## Data supplied

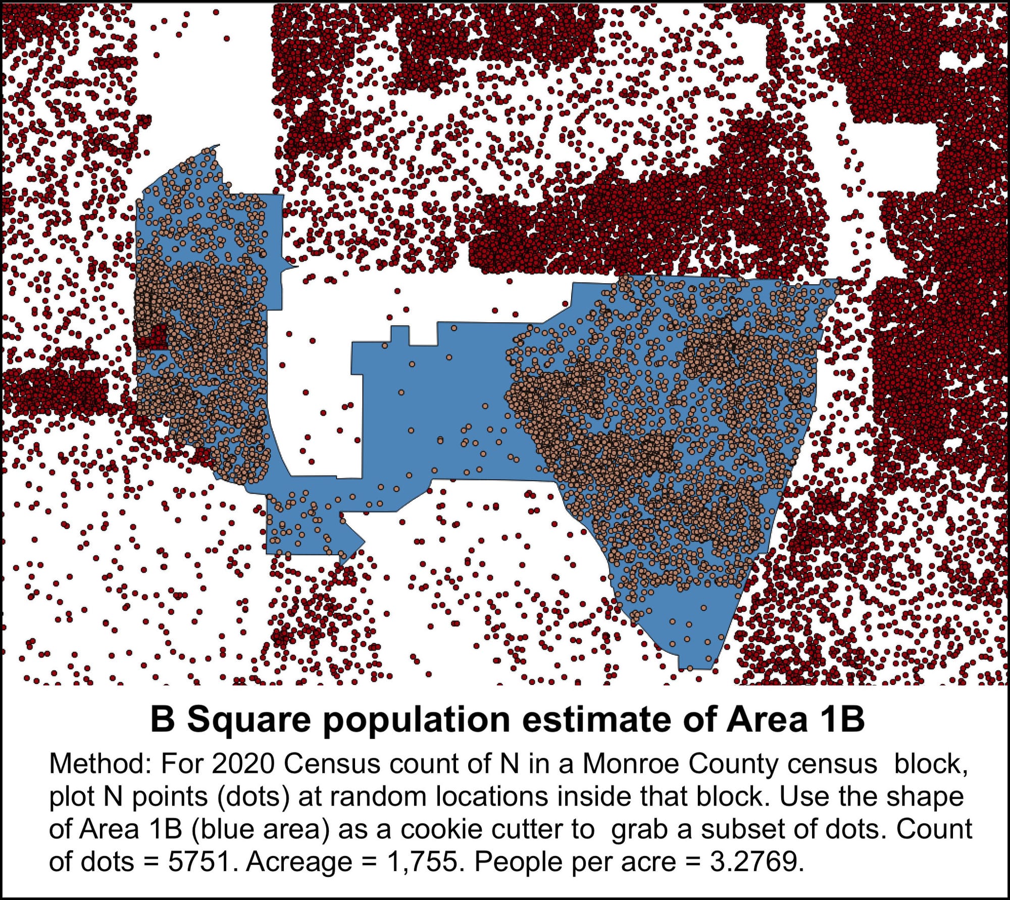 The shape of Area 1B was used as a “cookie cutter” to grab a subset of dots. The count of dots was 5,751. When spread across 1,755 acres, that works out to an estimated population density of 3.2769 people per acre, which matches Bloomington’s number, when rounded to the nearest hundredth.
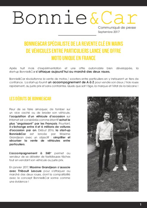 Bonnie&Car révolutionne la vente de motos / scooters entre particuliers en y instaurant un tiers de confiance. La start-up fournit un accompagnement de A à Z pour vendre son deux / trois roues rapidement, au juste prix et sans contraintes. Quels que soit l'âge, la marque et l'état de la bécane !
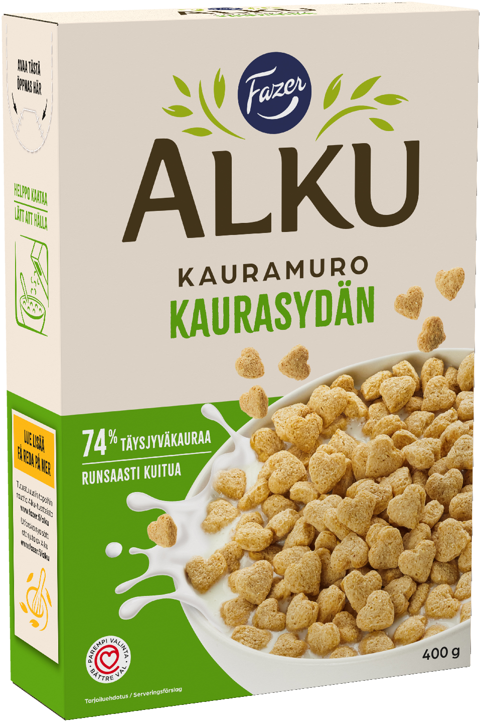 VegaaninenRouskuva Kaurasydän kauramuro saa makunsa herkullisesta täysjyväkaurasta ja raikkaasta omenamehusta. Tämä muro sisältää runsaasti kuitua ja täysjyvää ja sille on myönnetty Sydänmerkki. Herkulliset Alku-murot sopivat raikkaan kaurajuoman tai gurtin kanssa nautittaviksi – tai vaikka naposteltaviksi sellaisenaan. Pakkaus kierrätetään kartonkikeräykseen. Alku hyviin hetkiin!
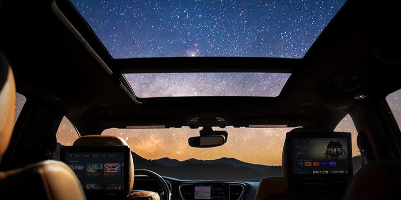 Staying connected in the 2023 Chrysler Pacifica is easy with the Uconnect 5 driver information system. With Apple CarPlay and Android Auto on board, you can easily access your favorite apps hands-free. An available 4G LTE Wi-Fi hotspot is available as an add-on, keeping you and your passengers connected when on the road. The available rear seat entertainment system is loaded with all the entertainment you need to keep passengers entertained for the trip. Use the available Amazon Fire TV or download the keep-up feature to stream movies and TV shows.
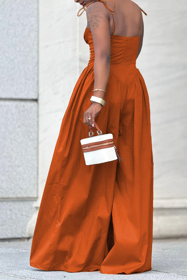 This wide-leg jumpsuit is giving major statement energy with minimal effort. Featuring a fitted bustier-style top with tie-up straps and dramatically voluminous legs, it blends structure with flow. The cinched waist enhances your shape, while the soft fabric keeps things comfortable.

## Your instructions
With no pictures included, write out the entries exactly.

## Expected answer
 The shape of Area 1B was used as a “cookie cutter” to grab a subset of dots. The count of dots was 5,751. When spread across 1,755 acres, that works out to an estimated population density of 3.2769 people per acre, which matches Bloomington’s number, when rounded to the nearest hundredth.
 Bonnie&Car révolutionne la vente de motos / scooters entre particuliers en y instaurant un tiers de confiance. La start-up fournit un accompagnement de A à Z pour vendre son deux / trois roues rapidement, au juste prix et sans contraintes. Quels que soit l'âge, la marque et l'état de la bécane !
 VegaaninenRouskuva Kaurasydän kauramuro saa makunsa herkullisesta täysjyväkaurasta ja raikkaasta omenamehusta. Tämä muro sisältää runsaasti kuitua ja täysjyvää ja sille on myönnetty Sydänmerkki. Herkulliset Alku-murot sopivat raikkaan kaurajuoman tai gurtin kanssa nautittaviksi – tai vaikka naposteltaviksi sellaisenaan. Pakkaus kierrätetään kartonkikeräykseen. Alku hyviin hetkiin!
 Staying connected in the 2023 Chrysler Pacifica is easy with the Uconnect 5 driver information system. With Apple CarPlay and Android Auto on board, you can easily access your favorite apps hands-free. An available 4G LTE Wi-Fi hotspot is available as an add-on, keeping you and your passengers connected when on the road. The available rear seat entertainment system is loaded with all the entertainment you need to keep passengers entertained for the trip. Use the available Amazon Fire TV or download the keep-up feature to stream movies and TV shows.
 This wide-leg jumpsuit is giving major statement energy with minimal effort. Featuring a fitted bustier-style top with tie-up straps and dramatically voluminous legs, it blends structure with flow. The cinched waist enhances your shape, while the soft fabric keeps things comfortable.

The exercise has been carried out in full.